Non Maximum Suppression (NMS) is a computer vision approach for selecting a single entity from a large number of overlapping things. Entities that fall below a certain probability threshold are generally discarded.

Typical One component of the object detection process is for producing categorization recommendations. Potential regions for the item of interest are referred to as proposals. The majority of methods use a moving window over through the feature map to assign foreground/background scores based on the features calculated in that window. The scores of the neighboring windows are comparable to some extent, and they are regarded as prospective areas. Hundreds of suggestions result as a result of this. We preserve loose limitations in this step since the proposal generating process should have a high recall.

However, it is time-consuming to analyze all of these ideas through the categorization network. It refers to a procedure known as Non-maximum Suppression, which filters suggestions based on a set of criteria.

NMS is used by most object detection algorithms to reduce a huge number of observed rectangles to a handful. In most circumstances, the manner object detection works necessitate the usage of NMS. Windowing is used by most object detectors in a most foundational sense. Hundreds of thousands of windows of various sizes and shapes are created, whether literally on the image or based on a characteristic of the image. These windows are said to contain only one item, and each class is assigned a probability/score by a classifier. After the detector generates a significant amount of bounding boxes, the best ones must be chosen. The most often used approach for this task is the NMS machine learning algorithm. It is, in essence, a clustering method.

Non-maximum suppression algorithm

A list of Proposal boxes B, matching confidence scores S, and overlap threshold N are all included in the NSM input. Output, on the other hand, is a collection of filtered suggestions D.

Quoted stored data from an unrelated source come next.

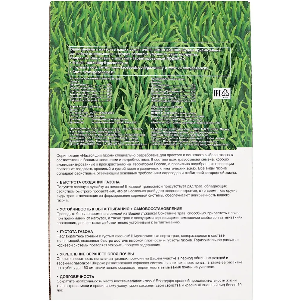 Технические характеристики Семена газона ГазонCity Настоящий универсальный 1кг (309379)
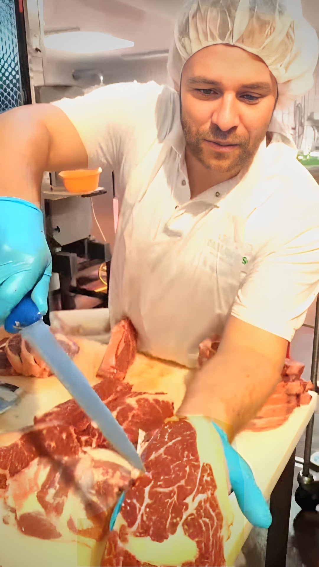Nach der Reifung wird das Fleisch von unseren erfahrenen Metzgern fachgerecht zerlegt, portionsweise vakuumiert und schockgefrostet.
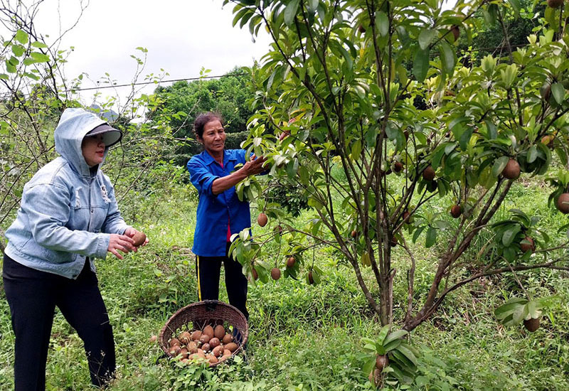 Hôm chúng tôi đến thăm mô hình trồng cây ăn quả trên diện tích gần 3ha, bà Vây đang dọn cỏ cho những gốc hồng xiêm trĩu quả sắp thu hoạch. Không giấu được sự phấn khởi và tự hào, bà Vây chỉ cho chúng tôi xem vườn cây ăn quả xanh mát chạy dọc trên triền đồi. Bà chia sẻ, nghĩ lại những tháng ngày cơ cực, phát nương làm rẫy, tôi chưa bao giờ nghĩ gia đình mình sẽ có được ngày hôm nay. Những hàng cây ăn quả đủ loại, từ mít, hồng xiêm, cam, bưởi, ổi… gần như cho thu hoạch quanh năm, cũng đồng nghĩa với thu nhập đều đặn, ổn định.
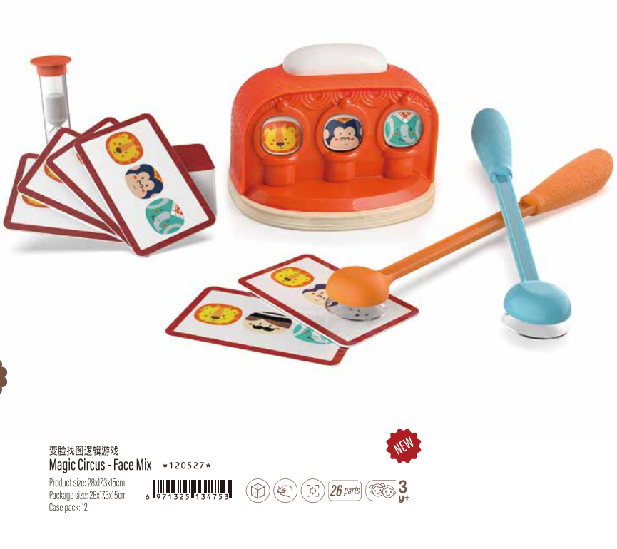 Colorful 120527 Magic Circus Face Mix Educational Game, Eco-friendly wood, plastic, cardboard 26 parts 28X17.3X15cm for kids above 3 years+
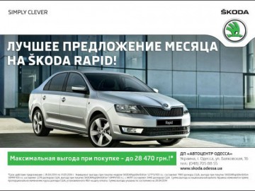 АВТОЦЕНТР ОДЕССА продолжая политику направленности на интересы клиентов, подготовила самое выгодное ценовое предложение на автомобили SKODA Rapid. Новое предложение действует на автомобили SKODA Rapid в комплектации Ambition для двигателей 1.2TFSI, 1.6MPI, 1.6MPI АКПП, мощностью 105 л.с.
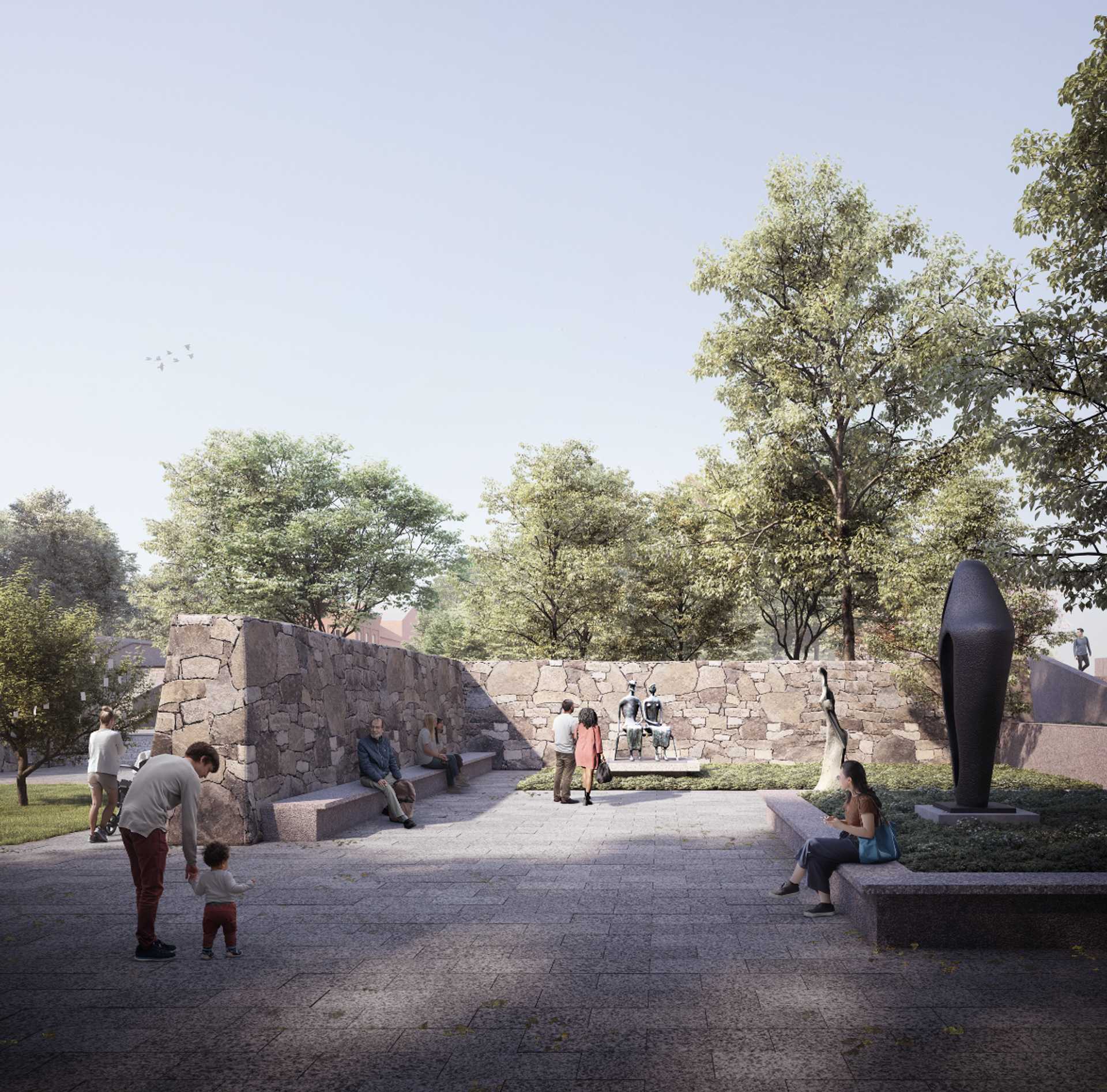 A detail from Hiroshi Sugimoto's rendering of the design for the Hirshhorn's Sculpture Garden on the National Mall features a detail of the east gallery display of Henry Moore's King and Queen and Barbara Hepworth's Figure for Landscape Credit: Hirshhorn Museum and Sculpture Garden
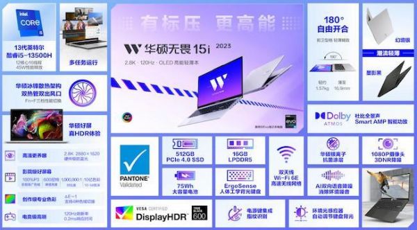 本次发布的无畏系列新品——华硕无畏15i 2023搭载了13代标压i5-13500H,通过了英特尔的Evo认证,并标配OLED华硕好屏。
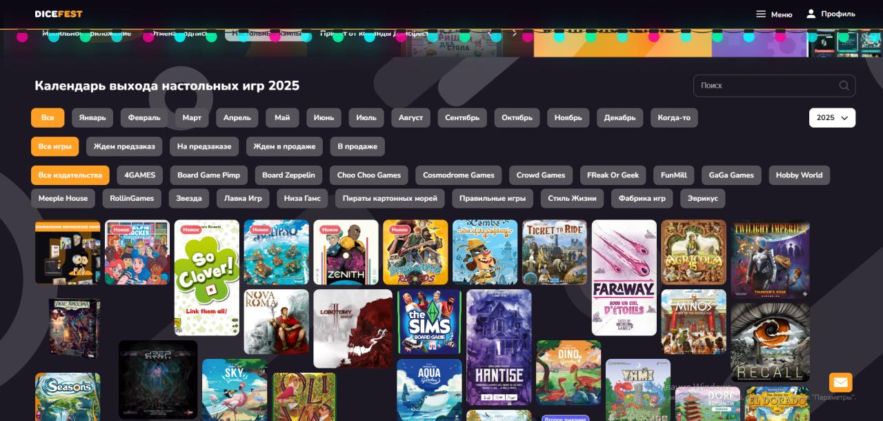Всем привет! Меня зовут Владимир, вы на канале «Dicefest», простите, привычка) Но возможно вы и правда меня знаете как ведущего ютуб-канала или как ведущего подкаста. Если не знаете, то будем знакомы)В конце 2023 года я чутка устал от того, что для блогерской жизни приходится мониторить все сайты или паблики издательств в ВК, чтобы быть в курсе, что у кого анонсировано, выходит или уже вышло. Поискал, сходу нашел несколько таблиц (и здесь, на Тесере тоже) со списками анонсированных игр, но не шибко актуальными. Поделился этой грустью с женой, на что она неожиданно предложила сделать свою таблицу, и не таблицу, а сразу сайт. Дизайн решили заказать, потому что мы нихрена не дизайнеры) Жена - фронт, я - ПМ, если кому-то интересно. На бэк тоже нашли человека за отдельную плату. И понеслась! Но недалеко, потому что изначальная идея с таблицей быстро стала обрастать новыми идеями. А что если прикрутить возможность добавить игру в избранное, чтобы только по ней статусы получать? А может, тогда и ЛК сделать? Но для избранного как будто мало, надо рассылки добавить! Вообщем, от изначальной идеи таблицы мы сразу ушли, как вы поняли.

  • Remove the proposal with the greatest confidence score from B and place it in the proposal list D. (At first, D is empty.)
  • Now compare this proposal to all of the others by calculating the IOU of this suggestion with all of the others. Withdraw that suggestion from B if the IOU exceeds the threshold N.
  • Remove the suggestion with the highest level of confidence from the other suggestions in B and add it to D.
  • Measure the IOU of this proposition with all of the proposals in B again, and remove the boxes with IOUs higher than the threshold.
  • This process is continued until B is devoid of any additional offers.

A single threshold value controls the entire filtering process. As a result, choosing the right threshold value is crucial to the model’s success. Setting this limit, on the other hand, is difficult.

So how does NMS work?

Assume that 0.3 is the overlap threshold. Even if the confidence is better than other boxes with fewer IOU, if there is indeed a proposal with 0.31 IOU and strong class probabilities, the item will be eliminated. As a result, if two things are placed alongside, one of them will be deleted. Although its confidence is relatively low, a proposition with 0.39 IOU is preserved. Of fact, any threshold-based method has this drawback. So, what are we going to do now?

Soft-NMS is a simple but effective technique to cope with this situation. The concept is simple- rather than fully deleting suggestions with large IOU and high confidence, lower proposal confidence proportionate to IOU value.

So this is simply a single paragraph modification in the code of the NMS algorithm, but it greatly improves precision.

These methods are effective for filtering predictions from a single model; but, what happens if you have forecasts from numerous models? Weighted boxes merging is a new approach for integrating object detection model predictions.

Conclusion

NMS (Non-Maximum Suppression) is a computer vision approach that is employed in several algorithms. It’s a group of methods for picking one thing out of a slew of overlapping ones. To get specific results, the selection process can be changed. The most typical criteria are some kind of probability number and some kind of overlap metric (e.g. IOU).